> **Your assignment**
There are pictures in the records below; leave them out and set down exactly the lines from the one holding "13789033 Luzech Vue" through the one holding "Watercolor Floral Pattern".

> **Extracted records**
= = =

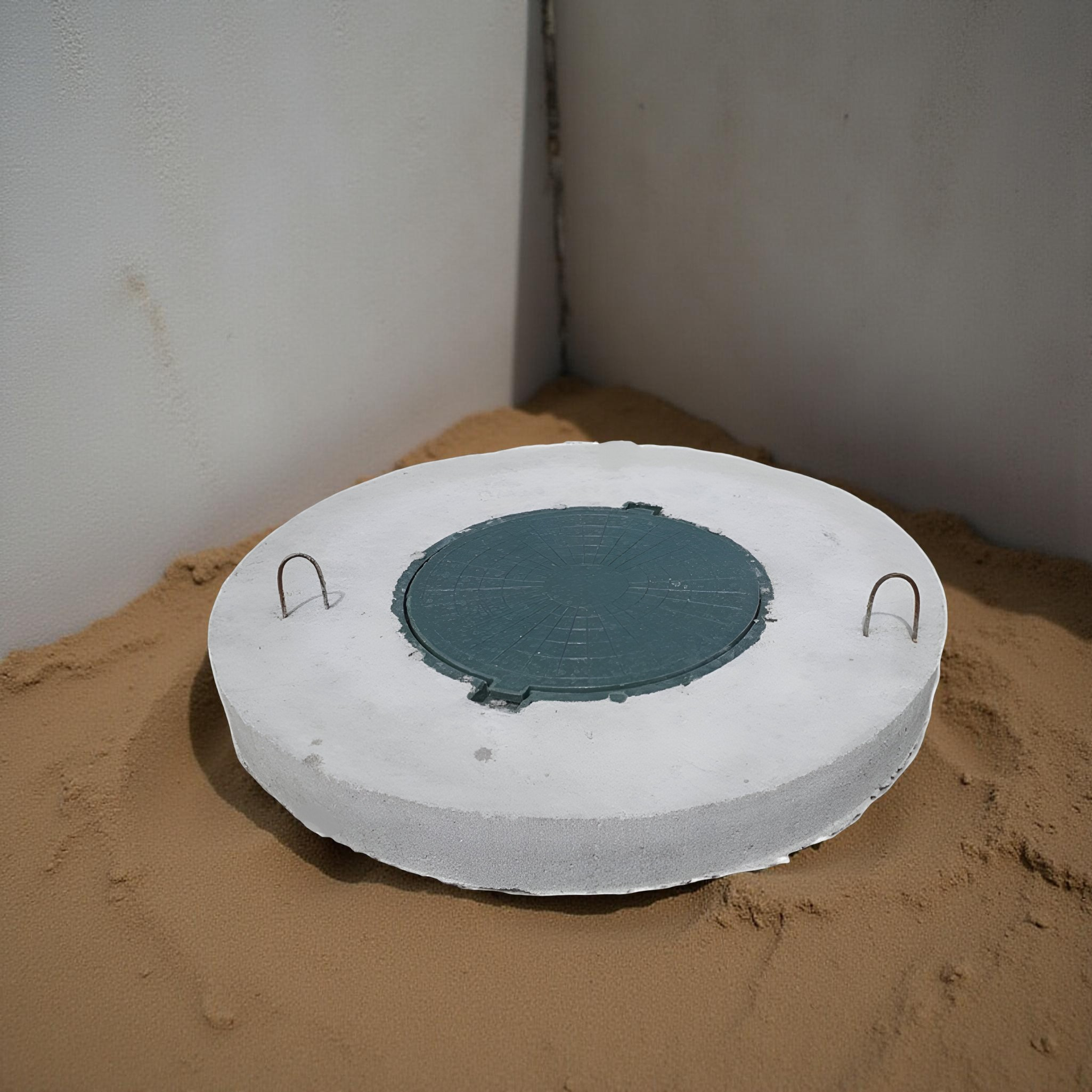Железобетонные крышки, такие как эта, являются ключевыми конструкционными элементами водопроводных и канализационных систем. Они надежно защищают колодезные шахты от попадания внутрь осадков, грязи, пыли и мусора, тем самым значительно продлевая срок службы системы.
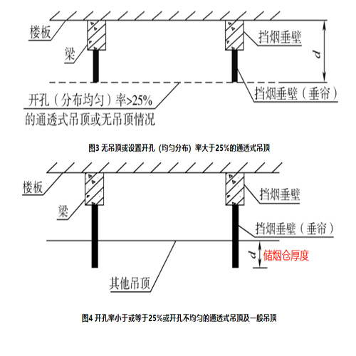 2.擋煙垂壁等擋煙分隔設(shè)施的深度≥規(guī)定的儲煙倉厚度。對于有吊頂?shù)目臻g,當(dāng)?shù)蹴旈_孔不均勻或開孔率≤25%時,吊頂內(nèi)空間高度不得計(jì)入儲煙倉厚度。
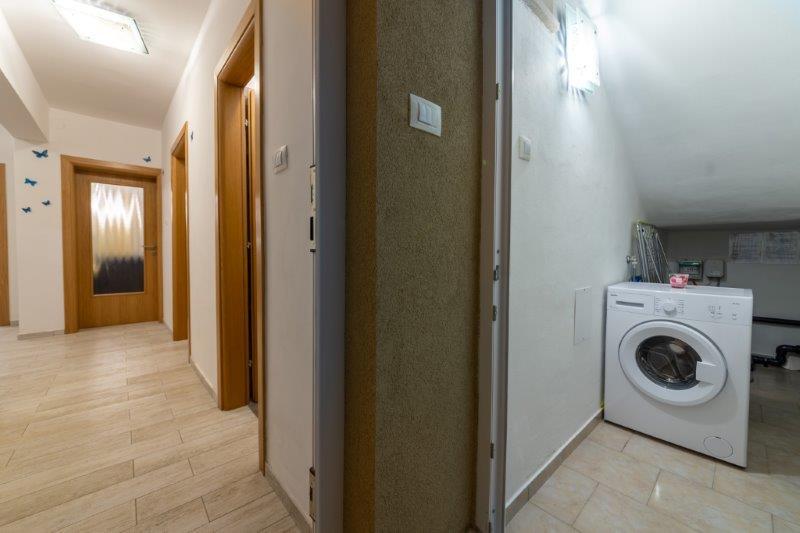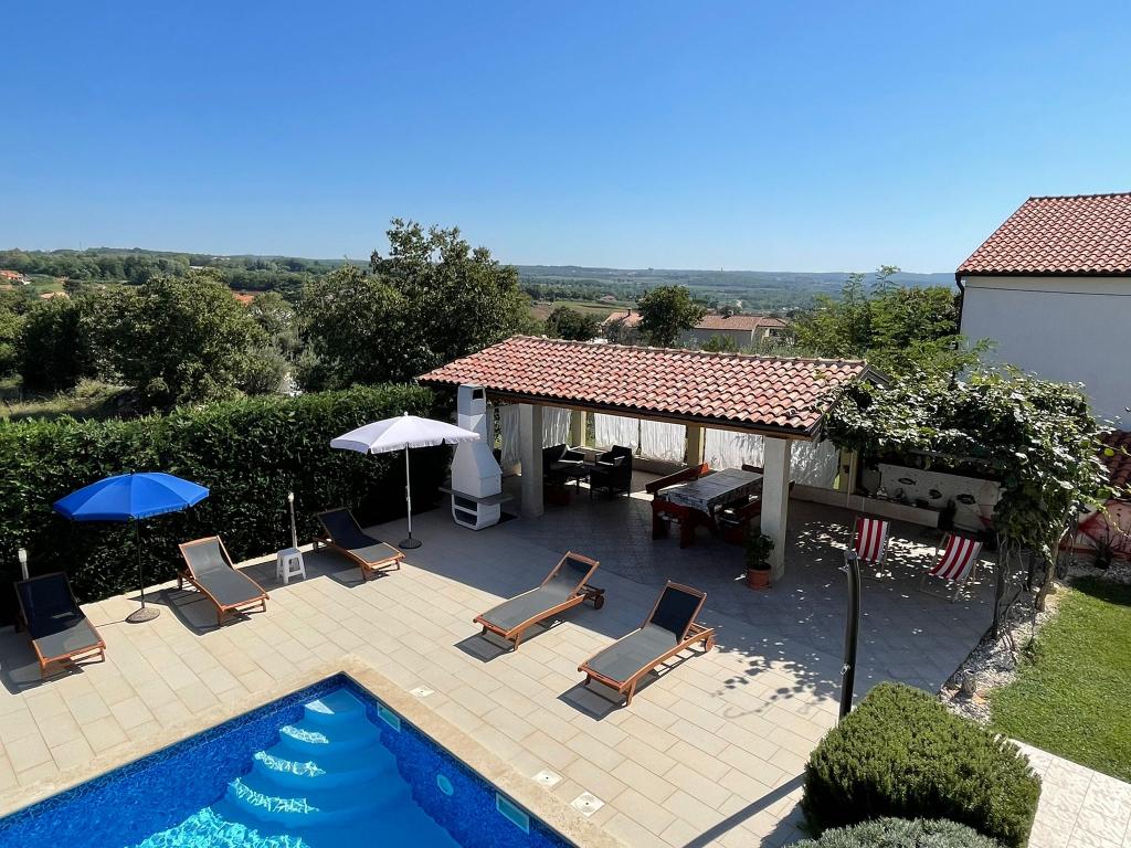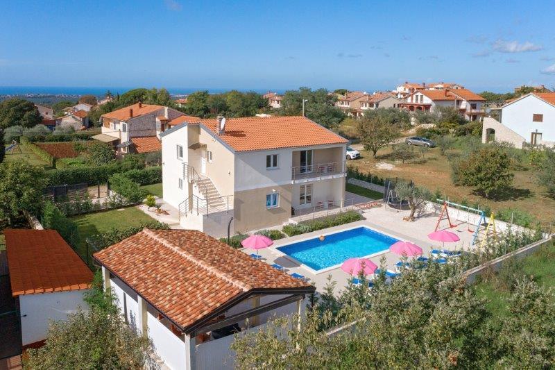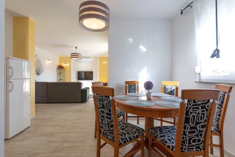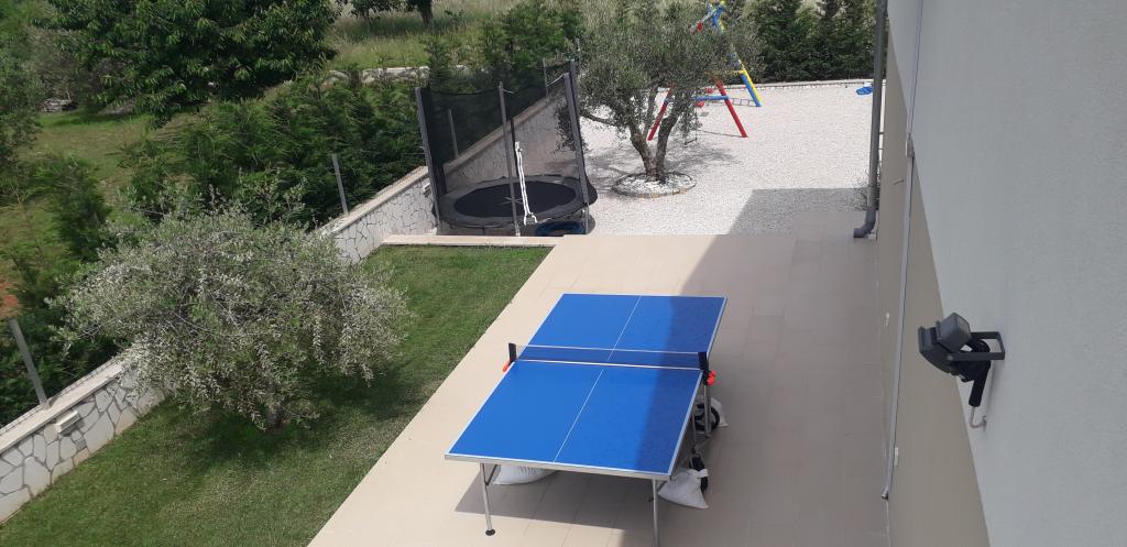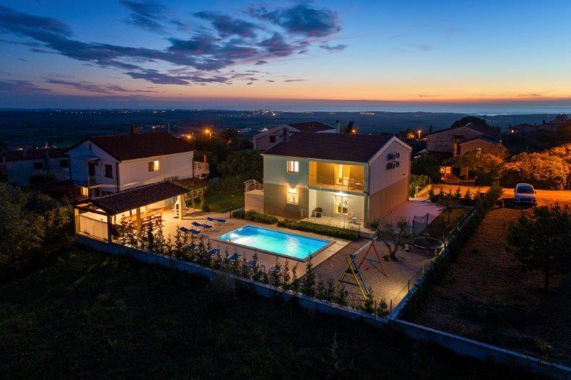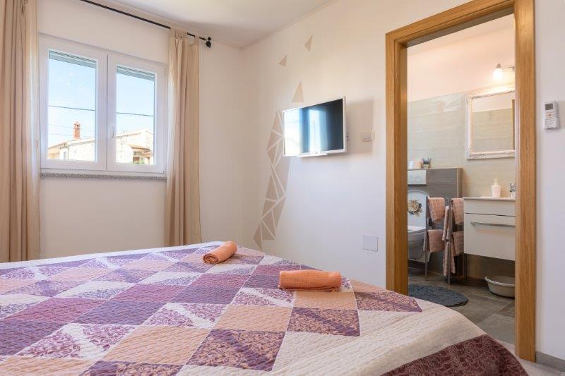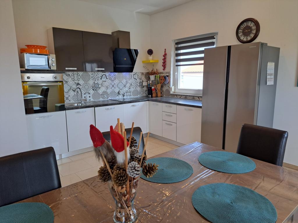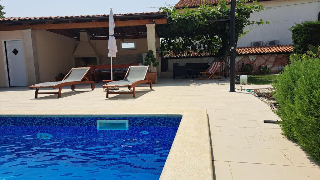 Wir befinden uns in der kleinen Stadt Kaštelir, 10 km von Poreč entfernt. Das Haus besteht aus zwei separaten Wohnungen, eine im Erdgeschoss, die andere im ersten Stock, das Haus wird als Ganzes vermietet. Jede Wohnung besteht aus einem Wohnzimmer, einer Küche und zwei Schlafzimmern mit jeweils eigenem Bad. Jede Wohnung verfügt über 3 Klimaanlagen, eine im Wohnzimmer und eine in jedem Zimmer. Die Wohnung ist mit allem ausgestattet, was für einen angenehmen Aufenthalt notwendig ist. Im Außenbereich gibt es einen Kinderspielplatz mit Schaukeln, Trampolin und Tischtennisplatte. Der Hof ist komplett eingezäunt, daher können Sie Ihren Hund gerne mitbringen, wir erheben für Hunde eine Gebühr von 12 Euro pro Tag. Im Außenbereich verfügen wir zusätzlich über einen 8x4m Swimmingpool, Sonnenliegen, Sonnenschirme und eine Sommerküche mit Grill. Vor der Wohnung haben wir 6 Parkplätze, davon 2 überdacht. Aufgrund anderer Verpflichtungen bei uns sind im Juli und August Buchungen nur von Sonntag bis Sonntag möglich, in den übrigen Monaten beträgt die Mindestaufenthaltsdauer 5 Tage und die Ankunftszeit kann an jedem beliebigen Wochentag erfolgen. Das Haus ist ideal für 8 Personen, bietet aber auch Platz für 10 Personen. Für eine weitere Person berechnen wir eine Gebühr v
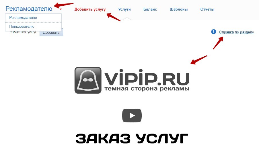 Если Вы планируете работать как рекламодатель, то нужно перейти в соответствующий раздел и изучить имеющиеся услуги. В кабинете рекламодателя также есть «Справка по разделу» и обучающее видео.
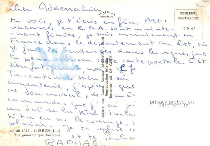13789033 Luzech Vue panoramique aérienne postalisch nicht gelaufen Erhaltung siehe scans [FriedD77] Frie Katcode 11170046146182
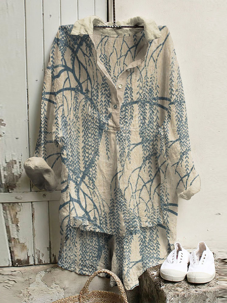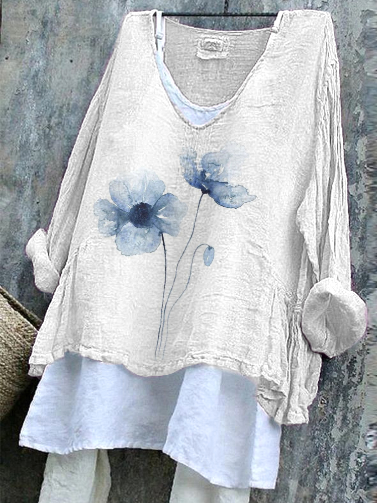 Watercolor Floral Pattern Cozy Cotton Linen Shirt
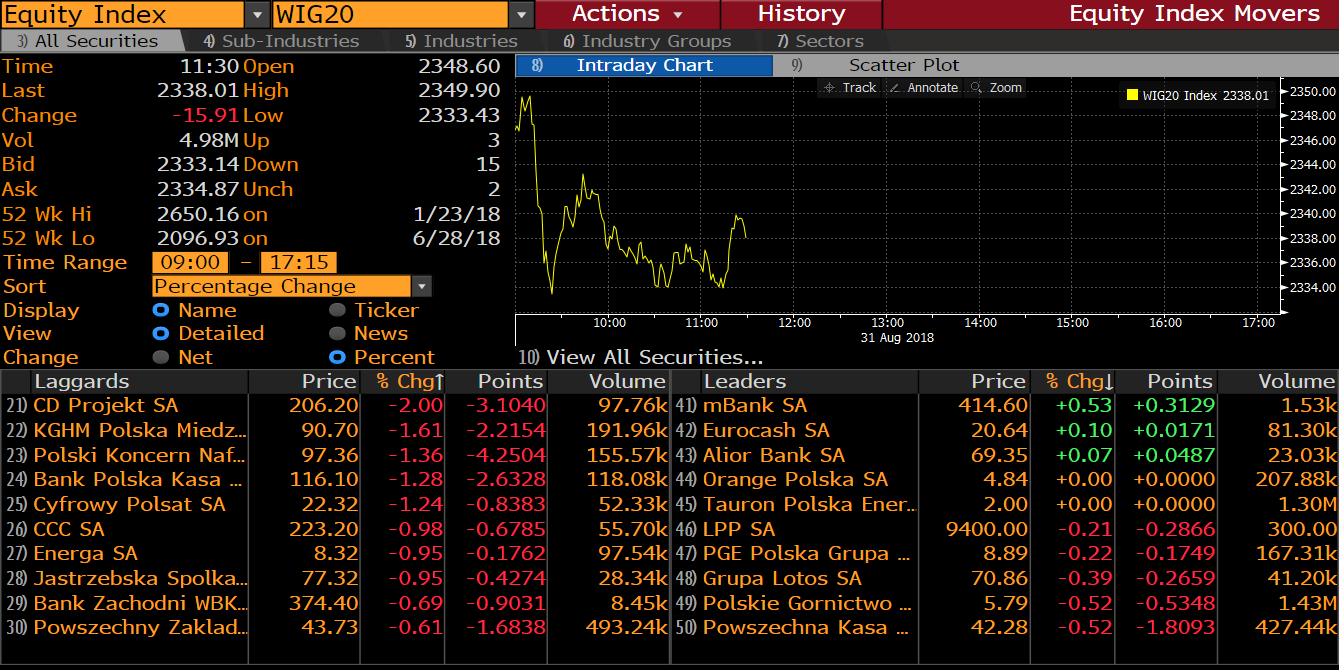 O poranku poznaliśmy dane o PKB za II kwartał z polskiej gospodarki. Szacunek wzrostu gospodarczego wyniósł 5,1% r/r, co jest wynikiem tylko minimalnie gorszym od okresu pomiędzy styczniem a marcem. Jest to drugi kwartał z rzędu wzrostu powyżej 5%, a ostatnim razem z taką sytuacja mieliśmy do czynienia w 2011 roku. Silnym punktem była konsumpcja oraz nadwyżka handlowa. O poranku opublikowane zostały także dane o inflacji, która utrzymała się na niezmienionym poziomie 2%. Głównym powodem takiego stanu rzeczy były z pewnością rosnące ceny paliw, jednak prognozy na kolejne okresy sugerują spadek inflacji. USDPLN po wczorajszych wzrostach spowodowanych negatywnym sentymentem do walut rynków wschodzących pozostaje stabilny i oscyluje w okolicach 3,6820.

= = =

> **Exercise response**
13789033 Luzech Vue panoramique aérienne postalisch nicht gelaufen Erhaltung siehe scans [FriedD77] Frie Katcode 11170046146182
 Watercolor Floral Pattern Cozy Cotton Linen Shirt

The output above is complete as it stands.